Friday, February 27, 2009

Glue

As part of my Lenten commitment I am reading a Psalm each day and then journaling about what that changes about who I am in Christ. Today I read Psalm 3 and meditated on verse 5: "I lie down and sleep; I wake again, for the Lord sustains me." While many of my days feel the same, I enjoy waking up each morning to encounter the little things that make each day different. Like grapes, or lunch with a friend, or solitary shopping trips at Northgate, or clean laundry. I started thinking about what would happen if I stopped enjoying the idea of waking up. What if I ever woke up and the day seemed to be a burden rather than a promise of something great? Would I wake up again knowing that the Lord sustains me?

This also made me think of the movie "In Her Shoes" when Simon asks Rose, "What holds you together?" Essentially asking, what sustains you? What is your glue? And I started thinking about that for myself. This is what I know so far:

Deep laughter: the kind of laughter that moves your heart it feels so sacred
Intimate worship: intimate meaning you can tell the leader has had an intimate encounter with God and now they are leading you with the hopes that you will as well
Quiet: Those few moments in a day where your sould breathes and you feel at peace

And to the few people that I know have read this in the past, what holds you together? What is your glue?

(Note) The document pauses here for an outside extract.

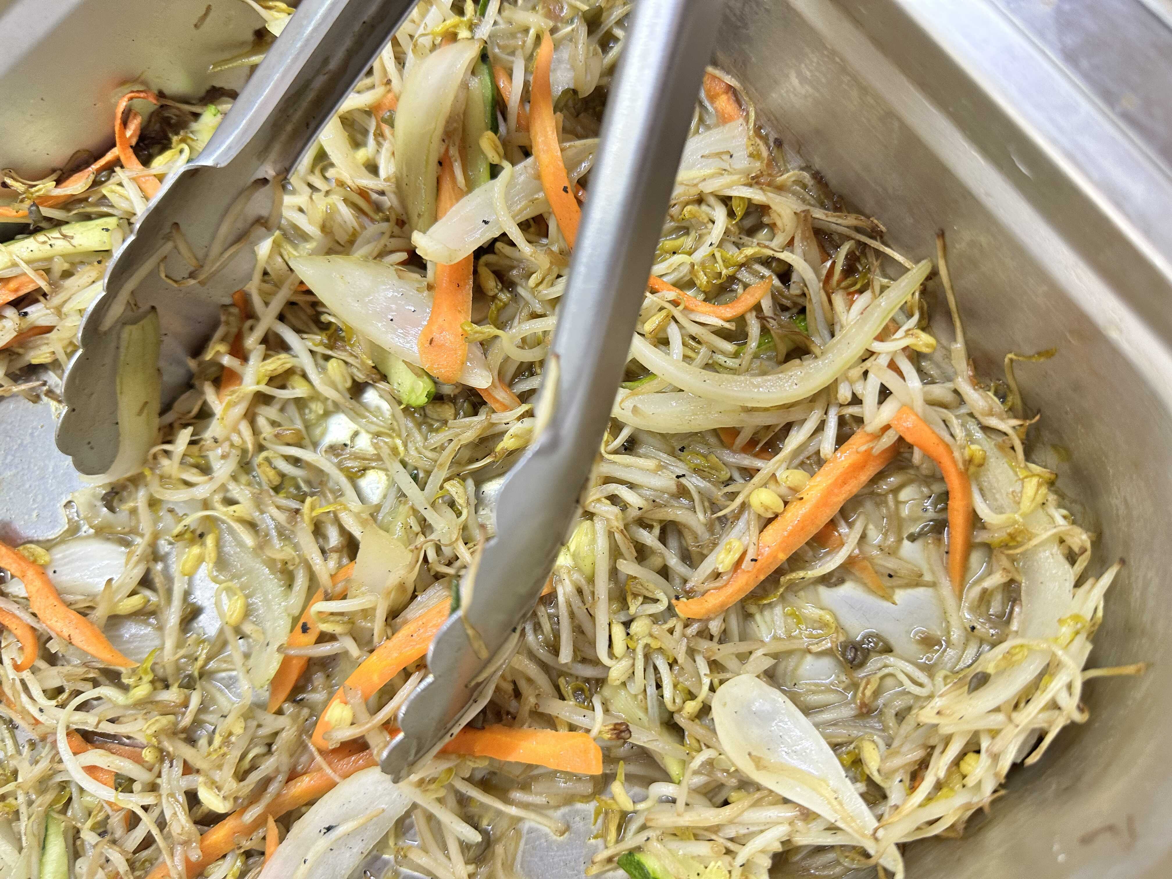 Arma tu plato eligiendo 3 guisados del menú, acompañados con arroz o tallarín. Porción individual.

I'd love to hear your thoughts on the subject!

1 comment:

elizdong said...

journaling: it's where i feel whole when my life is going crazy
family: in a more broad sense. more like, people who know me so well that i don't have to explain myself to them. like you :)

i like this. i'm reading "the imitation of christ" for lent and journal praying. keep posting- i miss hearing things like this from you!